Rohan Paul@rohanpaul_ai · 5月29日64Stronger agents will not come only from larger models, but from better systems around them.
The problem is that many AI agents are judged as if the model alone did the work, even though the real behavior also depends on memory, tools, context, routing, checks, and permissions.
This surrounding setup around the agent is called harness, meaning the system that decides what the model sees, what tools it can use, what it remembers, and what actions get checked.
Progress should come from scaling this harness, especially 3 parts: better context control, more trustworthy memory, and better routing to tools or helper agents.

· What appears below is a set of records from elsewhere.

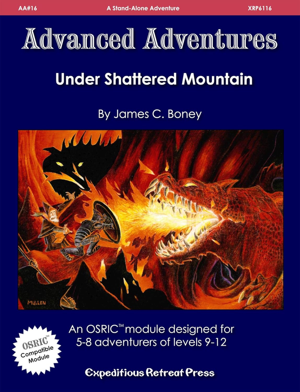 AA16: Under Shattered Mountain je 12stránkové dobrodružství určené postavám na 9. až 12. úrovni ve hře OSRIC (2006) nebo jiných retroklonech D&D, šestnácté ze série AA – Advanced Adventures. Dobrodruzi v něm sestoupí do spletité sítě chodeb pod povrchem vyhaslé sopky. Desítky mil dlouhé tunely, znázorněné schematickou hexovou mapou, propojují jedenáct jeskyní. Deset z nich jsou povšechně popsané minidungeony o nejvýše několika místnostech, obývané troglodyty, trolly, salamandry, kamennými obry nebo párem rudých draků. Jedenáctá jeskyně je popsána podrobněji – tvoří ji dvoupatrový, uměle zbudovaný dungeon o celkem 21 místnostech, sídlo ďábla Šeta (Sheth) a jeho suity pekelníků, kteří plánují obnovit činnost sopky.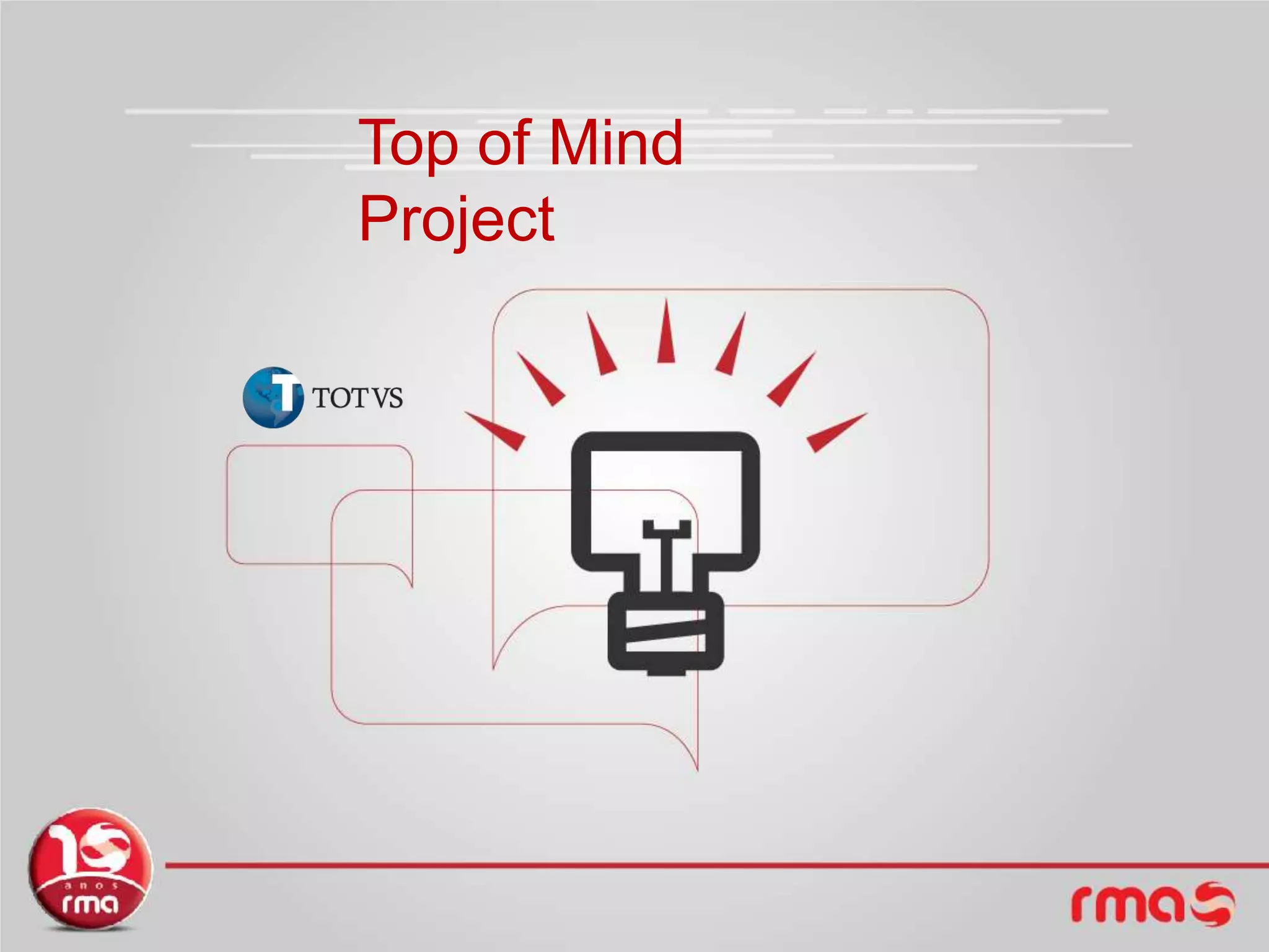 TOTVS is the largest applications software company in emerging markets and the 6th largest worldwide, with a 48.6% market share in Brazil and 34.5% in Latin America. It provides solutions to 26,000 active clients across 10 market segments in 23 countries. The Top of Mind Project aims to position TOTVS as a leader in its operating segment through communication of its offerings across segments, establishing press channels with investors, clients, and the market, as well as researching client perception and implementing an action plan to address gaps.
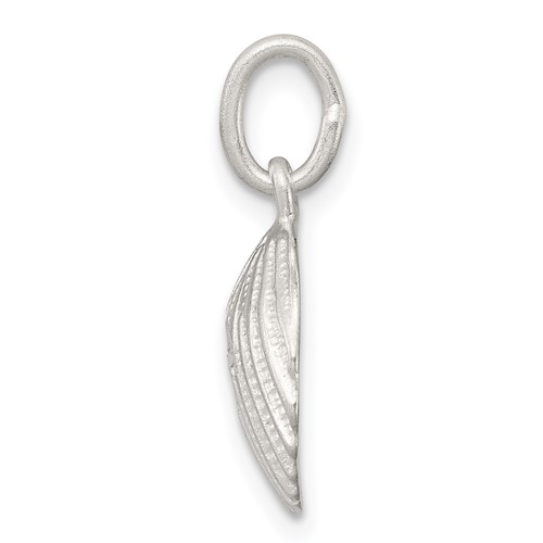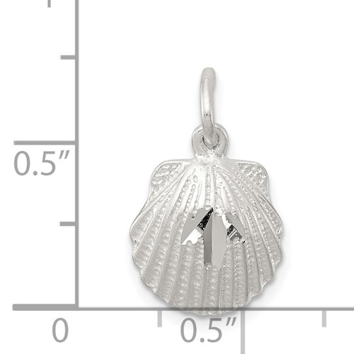 Satin finish diamond-cut shell charm is made of solid sterling silver. Measures 7/16 inch tall by 7/16 inch wide. Weight: 1.2 grams. Fits up to a 3mm wide chain. Made in India. Ships from USA.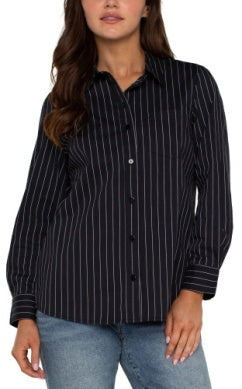 Liverpool Los Angeles Classic Button Front Poplin Shirt in Black & White Pinstripe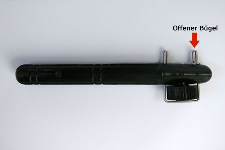 Beim Matchman ist darauf zu achten, dass sich der offene Bügel an der kurzen Seite ( wie in der Abbildung links dargestellt ) befindet. Sollte das nicht der Fall sein, muss die Schraube komplett geöffnet und der Bügel entsprechend umgesteckt werden. |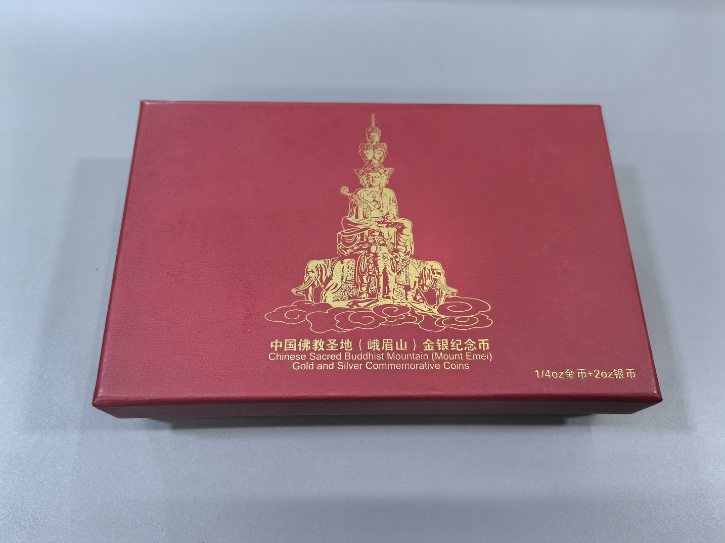 出峨眉山金银币,1/4盎司的金,2盎司的银,证书无47,品相如图,盒证齐全,售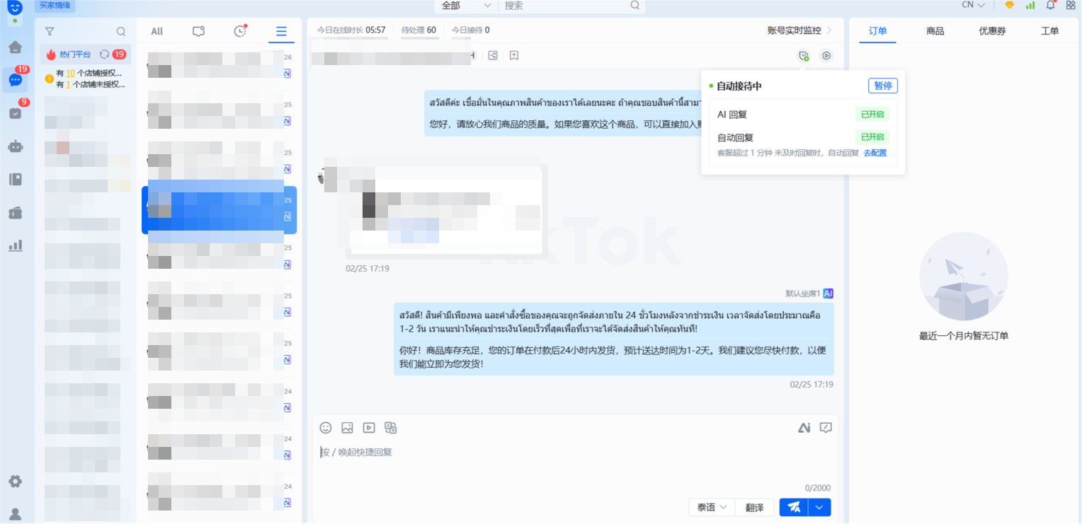 很多东南亚卖家的订单高峰往往出现在夜间或跨时区时段,而人工客服很难实现全天候在线。AI客服可以实现 7×24 小时自动回复,在夜间和咨询高峰期持续响应买家问题,减少因回复延迟导致的订单流失。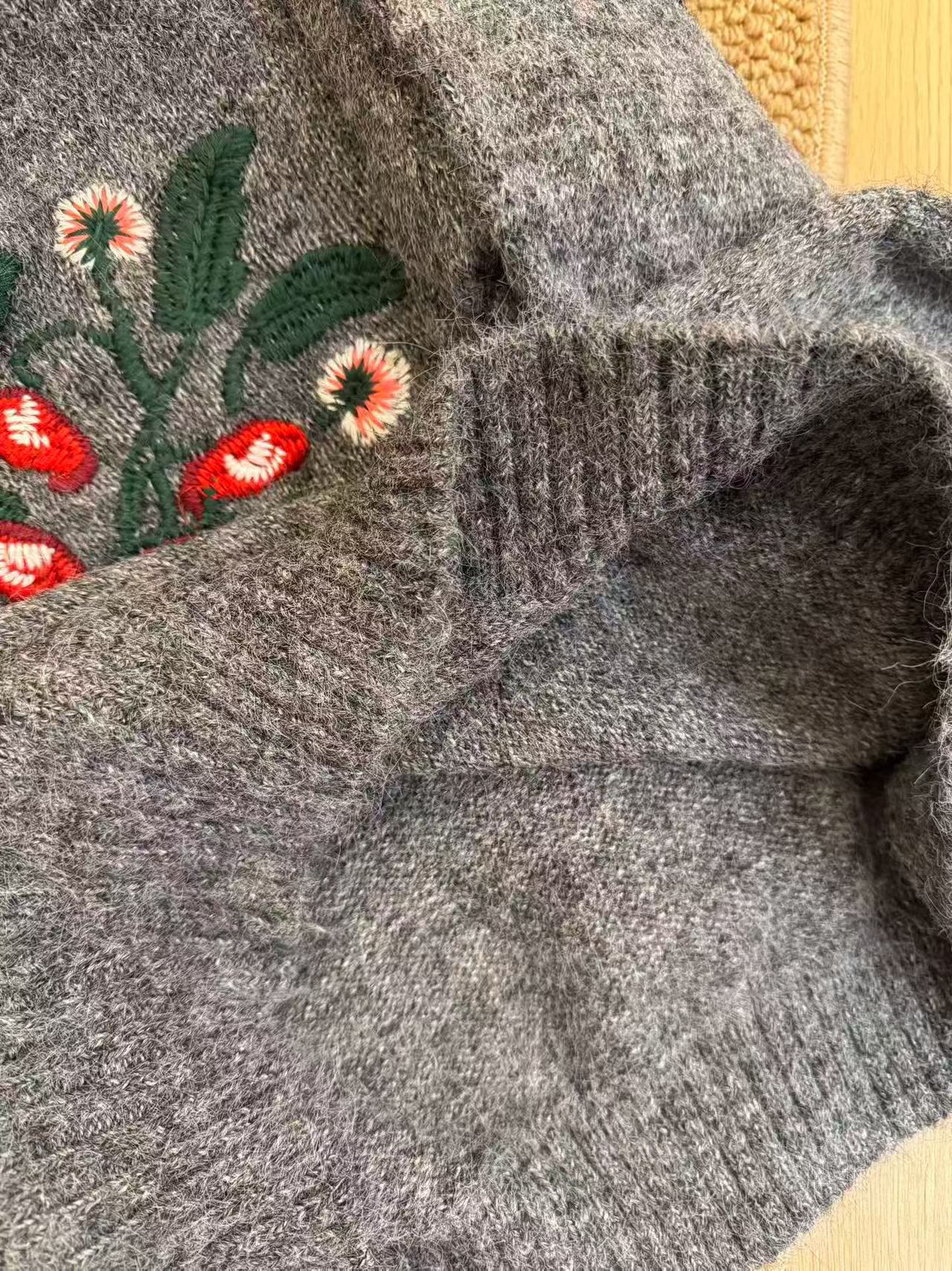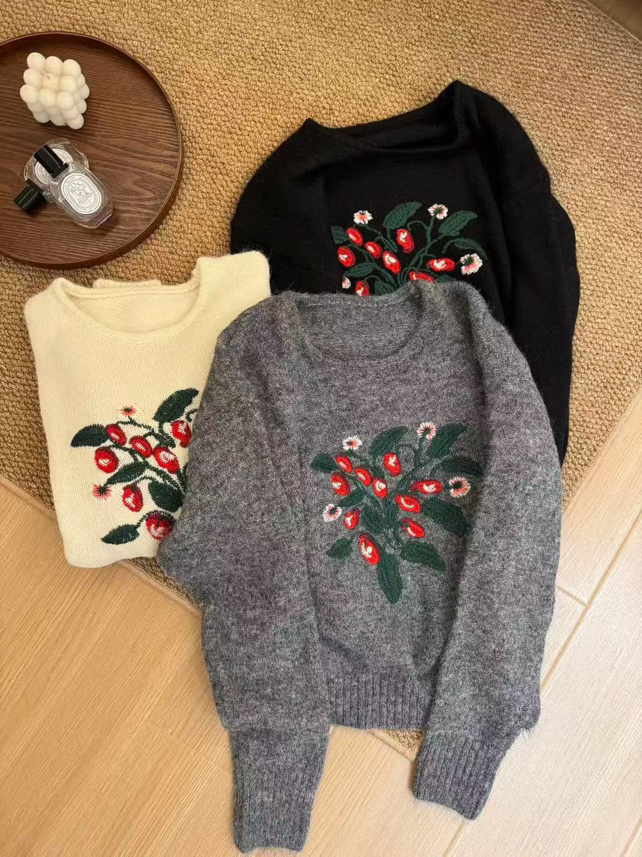 重工刺绣花朵毛衣套头针织衫宽松毛衫圆领打底衫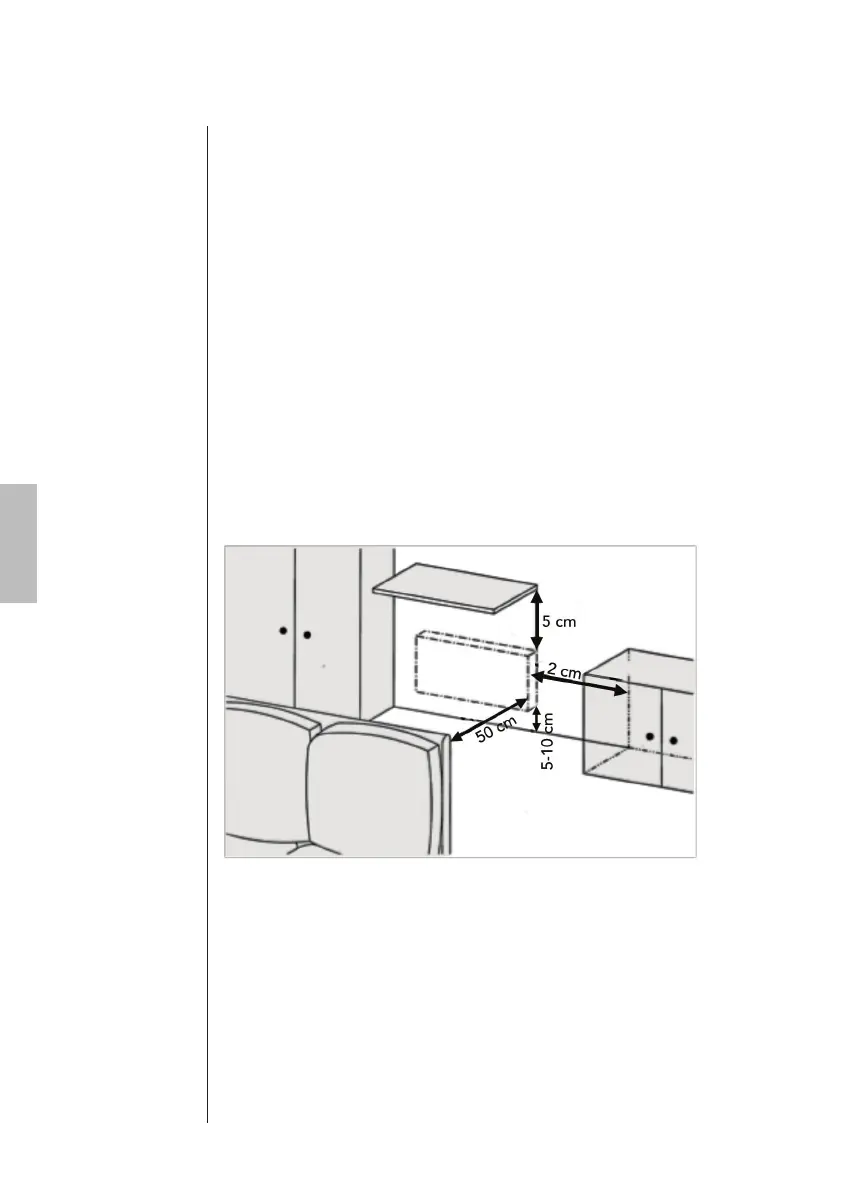 Kun lämmitin asennetaan, kuvassa 1 näkyviä vähimmäisetäisyyksiä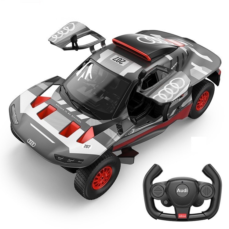 Copilul dumneavoastra se poate juca in voie cu masina cu telecomanda Audi RS Q E-TRON, scara 1 la 14, oferita de brandul international Rastar. Nicio cursa nu este imposibil de castigat cu acesta masinuta, replica oficiala cu licenta a modelului original, construita cu mare atentie la detalii. Masinuta are proportiile ideale pentru momente pline de distractie si amuzament, avand dimensiunile in centimetri dupa cum urmeaza 35*14.6*8.Masinuta functioneaza pe frecventa de 2.4G.Alimentarea se face astfel pentru masinuta sunt necesare 5 baterii tip AA , iar pentru telecomanda 2 tip AA.Masinuta se poate deplasa in toate directiile inainte, inapoi, stanga sau dreapta. Portierele masinutei se pot deschide. Masina cu telecomanda Audi RS Q E-TRON, scara 1 la 14, poate rula cu o viteza aproximativa de 10km/h, are tractiune 2WD, anvelope de cauciuc, posibilitate de reglaj a directiei direct pe sasiu si o raza de actiune a telecomenzii de circa 20 de metri.Acesta masinuta are si o functie suplimentara care face ca farurile si stopurile masinutei sa lumineze.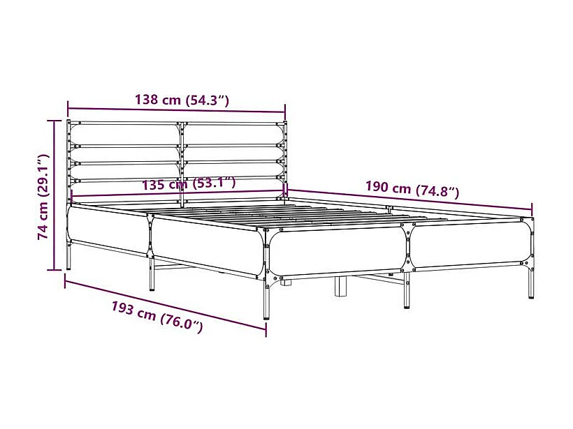 Cadre de lit sonoma gris 135x190 bois d'ingénierie et métal

Long context is not the same as usable context, memory is not the same as trustworthy memory, and having many tools is not the same as knowing when to use them.
A stale note can be more dangerous than no note, because it gives the agent confidence exactly when it should re-check the world.
A specialized subagent can also fail quietly if its output sounds plausible but no later layer verifies whether it is true.
This is why one-shot benchmark scores feel increasingly thin.
Two agents can reach the same final answer, while one burns far more tokens, makes riskier tool calls, carries corrupted memory, or succeeds only by accident.
The next frontier is not just scaling the mind inside the machine.
It is scaling the discipline around it.
----
Link – arxiv. org/abs/2605.26112
Title: "From Model Scaling to System Scaling: Scaling the Harness in Agentic AI"
译推文指出,AI智能体的强弱不只取决于模型,更依赖于模型周围的系统约束(harness)。该系统决定了模型的输入、可用工具、记忆及操作验证。核心进步应来自扩展此系统,尤其要提升上下文控制、记忆可信度以及工具或子智能体的路由能力。文中强调,长上下文不等于可用上下文,记忆多不等于可信,工具多不等于会用。这使得当前仅凭单次benchmark分数的评估方式显得薄弱。未来前沿在于扩展围绕智能体的系统约束,而不仅仅是扩展模型本身。相关论文标题为《From Model Scaling to System Scaling: Scaling the Harness in Agentic AI》。